快速 ESP 字符标准化
我正在 FAST ESP 服务器上运行搜索应用程序。现在我遇到了字符标准化的问题。
我想要的是搜索“wurth”并在“würth”中获得点击。
我尝试在 esp/etc/tokenizer/tokenization.xml 中配置以下内容,
<normalizationlist name="German to Norwegian">
<normalization description="German u with diaeresis, to Norwegian u">
<input>x75</input>
<output>xFC</output>
<output>x75</output>
</normalization>
</normalizationlist>
但当然,这会将所有 u 转换为 ü,这是无用的。
我该如何正确配置?
I'm running a search application on a FAST ESP server. Now I have this problem with character normalization.
What I want is to search for 'wurth' and get a hit in 'würth'.
i've tried configuring the following in esp/etc/tokenizer/tokenization.xml
<normalizationlist name="German to Norwegian">
<normalization description="German u with diaeresis, to Norwegian u">
<input>x75</input>
<output>xFC</output>
<output>x75</output>
</normalization>
</normalizationlist>
but of cours, this translate all u to ü, which is useless.

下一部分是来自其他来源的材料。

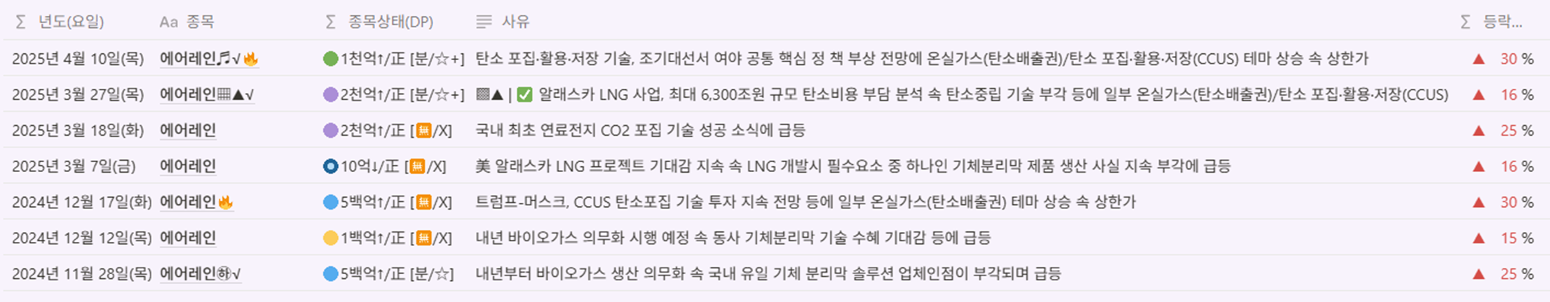| 에어레인♬√🔥 | 🟢1천억↑/正 [분/☆+] | 탄소 포집·활용·저장 기술, 조기대선서 여야 공통 핵심 정 책 부상 전망에 온실가스(탄소배출권)/탄소 포집·활용·저장(CCUS) 테마 상승 속 상한가 | ▲ 30 % |
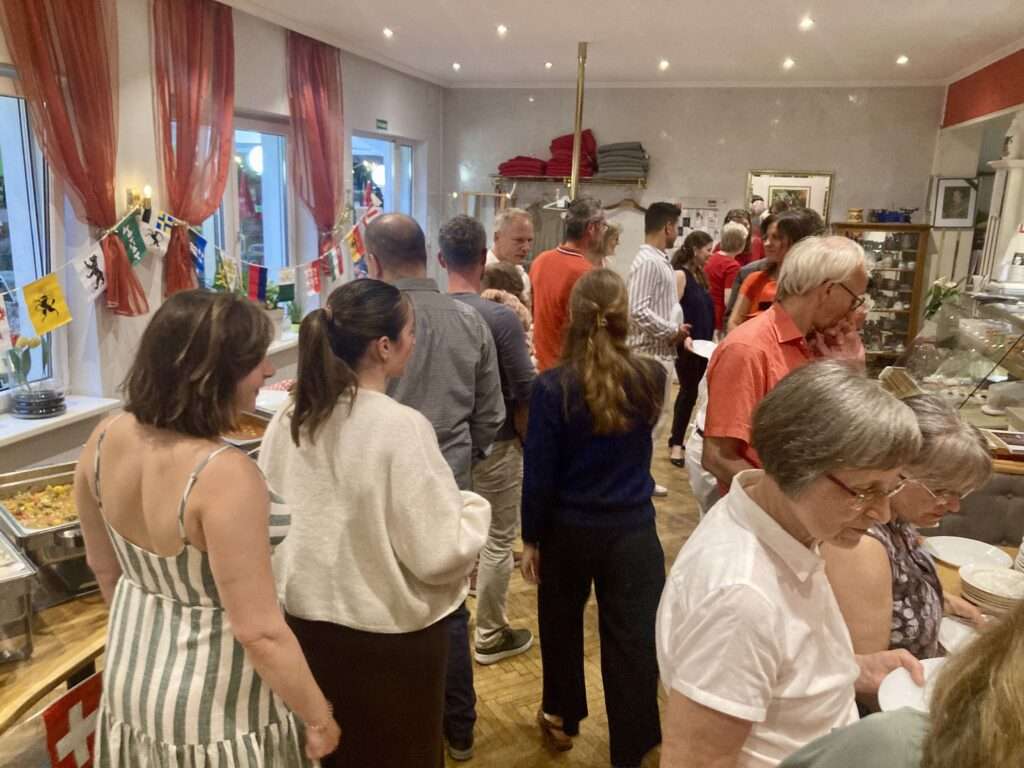 Die 1. Augustfeier 2023 fand beim Heurigen Schübel-Auer in Nussdorf statt. Nach dem sonnigen 1. August im Vorjahr mussten wir dieses Jahr allerdings wieder den Regenschirm einpacken. Trotzdem fanden sich über 90 Mitglieder und Gäste ein. Erstmals dabei war unsere Botschafterin, Frau Salome Meier, die eine kurze, prägnante Ansprache hielt. Dem einmal mehr ausgezeichneten Buffet sprachen alle Mitglieder kräftig zu. Nach Einbruch der Dunkelheit hatte der Regen aufgehört, sodass man für die anwesenden Kinder die Lampions anzünden und im Lichte der Kerzen im Gastgarten den Schweizerpsalm und das traditionelle “Le Vieux Chalet” anstimmen konnte, als Abschluss einer wirklich schönen und gelungenen Feier.

How do I configure this the right way?
如果你对这篇内容有疑问,欢迎到本站社区发帖提问 参与讨论,获取更多帮助,或者扫码二维码加入 Web 技术交流群。
绑定邮箱获取回复消息
由于您还没有绑定你的真实邮箱,如果其他用户或者作者回复了您的评论,将不能在第一时间通知您!
发布评论
评论(3)
解决方案是将每个“特殊字符”规范化为相同的“普通字符”;
ö ->哦
ø->哦
å ->一个
ä ->一个
æ-> a
这有点耗时,但很有效!
The solution is to normalize every "special character" to the same "normal character";
ö -> o
ø -> o
å -> a
ä -> a
æ -> a
This is at bit time consuming, but it works!
阅读高级物流指南。它包含关于字符规范化的一章。当您按照指南中的步骤操作时,所有特殊字符都将被视为普通字符。因此,搜索 uber 将给出与搜索 uber 相同的结果。
Read the Avanced Logistics Guide. It contains a chapter on Character Normalization. When you follow the steps from the guide all special characters will be treated as normal characters. So searching for über will give the same results as when searching for uber.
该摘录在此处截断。